Writer Nick Hornby admits that at this point in his career, he's basically assured that whatever he hands in to his publisher will get printed. Not so for film. His script for An Education was a red herring at best.
He was quickly drawn to a short biographical piece by British journalist Lynn Barber, about her experience being seduced by an older man when she was a teenager, when it originally ran in the literary journal Granta.
Hornby felt a close kinship to the story. Substitute Barber's yearning to grow up and see the world with Hornby's youthful urge to experience life through music and soccer (as told in his book Fever Pitch), and you basically have the same universal coming-of-age story, he says.

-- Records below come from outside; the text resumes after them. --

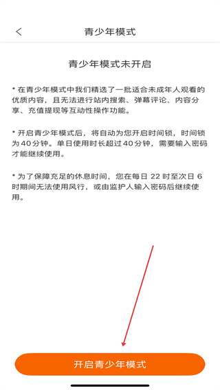 4、进入该模式的页面内,熟知青少年模式后再点击开启按钮。
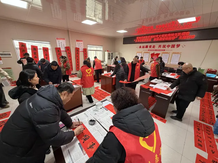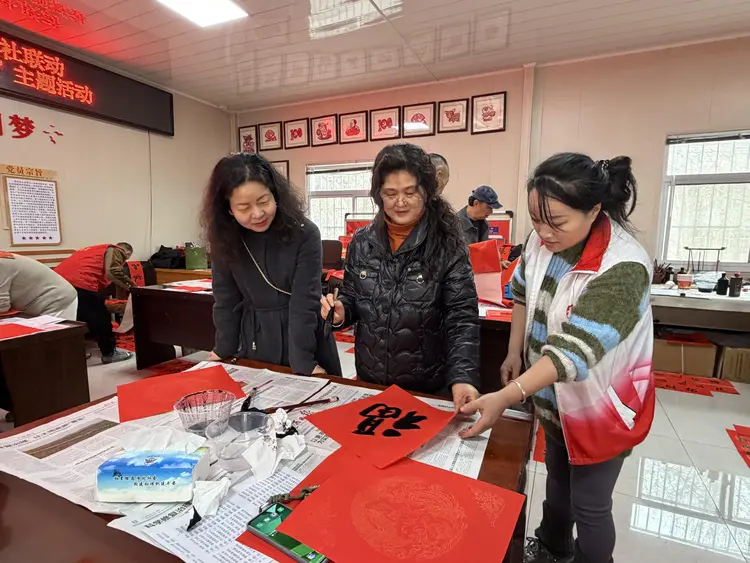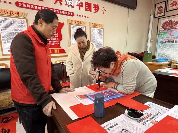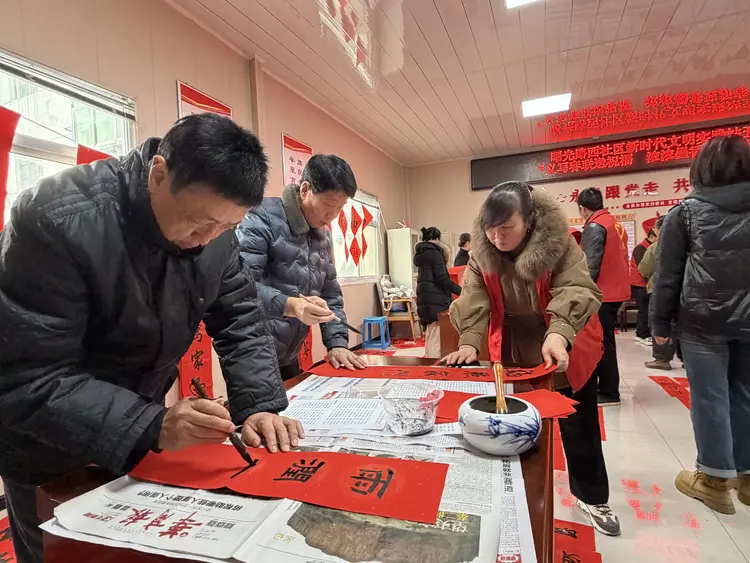 活动现场暖意融融、墨香四溢,书法老师们精神饱满,挥毫泼墨,书体工整端庄、流畅洒脱,一幅幅寓意吉祥的春联、一个个喜庆的“福”字,在红纸上生动呈现。居民们围在一旁,一边欣赏书法创作,一边交流新春期许,拿到墨香未干的春联与福字后,脸上都洋溢着幸福的笑容。
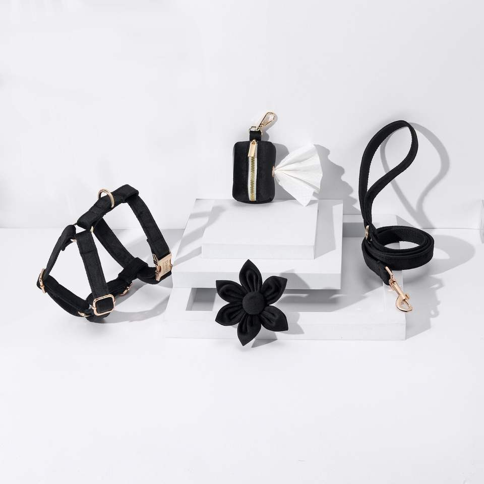 ชุดสายจูงสุนัขสีดำส่วนบุคคลที่ใส่ถุงอุจจาระสัตว์เลี้ยงที่ถอดออกได้อย่างรวดเร็วผ้ากำมะหยี่ไม่ดึง
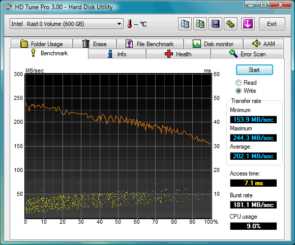 Думается, здесь комментарии излишни. RAID 0, составленный из самых производительных на сегодня SATA дисков откровенно поражает своими скоростными параметрами, демонстрируя среднюю скорость передачи данных в районе 200 Мбайт/сек, сопровождаемую минимальным временем доступа.

Yet there he was, trying to get financial backers interested in his adaptation of Barber's story set in the early 1960s. Remember, British producers are inundated with period drama, much of which "is awful," Hornby says.
It also required the nearly impossible task of finding a seriously talented young female lead, who could carry the film in every scene (which they eventually found in rising star Carey Mulligan). And they needed a sufficiently devious, yet believable male lead for a part Hornby expected no big-name actor would want. (Luckily, the role appealed to Peter Sarsgaasrd early on the script-writing stage.)
Right until days before shooting began last year, Hornby wasn't convinced the film was a go. Sitting in a restaurant during the festival, the ever-unassuming Hornby admits he's now finally convinced it all worked out.